U.S. District Court Judge Ada Brown concluded:

  • The FTC exceeded it statutory authority in banning noncompetes.
  • The FTC ban is “arbitrary and capricious because it is unreasonably overbroad without a reasonable explanation.” While at least 46 states regulate noncompete agreements, Brown noted none have a noncompete rule as broad as the FTC’s “sweeping prohibition.”
  • The ban will cause irreparable financial harm for Ryan to comply with it.
  • A preliminary injunction “serves the public interest by maintaining the status quo and preventing the substantial economic impact of the rule, while simultaneously inflicting no harm on the FTC.”

However, the court ruled Ryan LLC did not supply evidence supporting universal or nationwide relief, so the ruling applies to Ryan LLC and intervening plaintiffs U.S. Chamber of Commerce, Business Roundtable, Texas Association of Business, and the Longview Chamber of Commerce.

Legal victory

While the injunction is preliminary for now, the plaintiffs said the ruling was a legal victory against the FTC.

“This ruling is a big win in the Chamber’s fight against government micromanagement of business decisions,” Daryl Joseffer, U.S. Chamber of Commerce executive vice president and chief counsel. “The FTC’s blanket ban on noncompetes is an unlawful power grab that defies the agency’s constitutional and statutory authority and sets a dangerous precedent where the government knows better than the markets. The U.S. Chamber will continue to hold the FTC accountable in court.”

Another case

The Ryan LLC lawsuit was filed in the Northern District of Texas. In the Eastern District of Pennsylvania, a federal judge scheduled a motion hearing in another lawsuit filed by ATS Tree Services LLC, a small business based in Perkasie, Pennsylvania, working with the Pacific Legal Foundation.

That company “uses reasonable non-compete agreements to ensure that it can provide its employees with necessary and valuable specialized training while minimizing the risk that employees will leave and immediately use that specialized training and ATS’s confidential information to benefit a competitor,” said its lawsuit. The business and the employees both benefit, with staff gaining new skills and ATS hiring workers committed to learning without fear they immediately will take specialized skills to a competitor, the complaint said.

But “the FTC’s noncompete agreement ban is unlawful, senseless, and itself unfair,” the complaint said.

“It treats employees as though they are not competent to understand their own interests and powerless to control their own destinies,” the lawsuit said. “It treats employers as behaving coercively and exploitatively, rather than negotiating with their employees in good faith. It usurps the authority of states to establish their own laws concerning contracts.

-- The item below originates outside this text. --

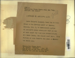 1943 Press Photo Betty Roberts witness at Nassau Bahamas trial of Al De Marigny

And it ignores that only Congress can make the law under our constitutional system.”

Effects on health care

In April, the FTC commissioners met publicly online and cited health care specifically among reasons to support a ban on noncompetes. At least one commissioner noted FTC jurisdiction includes for-profit businesses, but the new rule would not cover physicians, other clinicians and staff in nonprofit hospitals and health systems.

While some physicians noted benefits of noncompete clauses for their practices, doctors and hospital leaders generally split on the issue. Physicians have argued the noncompete clauses hurt their ability to make a living by limiting where and when they could practice. Hospital leadership countered that noncompetes help patient care while protecting investments that hospitals make to recruit physicians and executives, and to train staff.

The FTC estimated noncompete agreements affect 18% of the U.S. workforce, or about 30 million people. The Commission argued banning noncompetes will spur more innovation, more business start-ups and higher earnings for workers.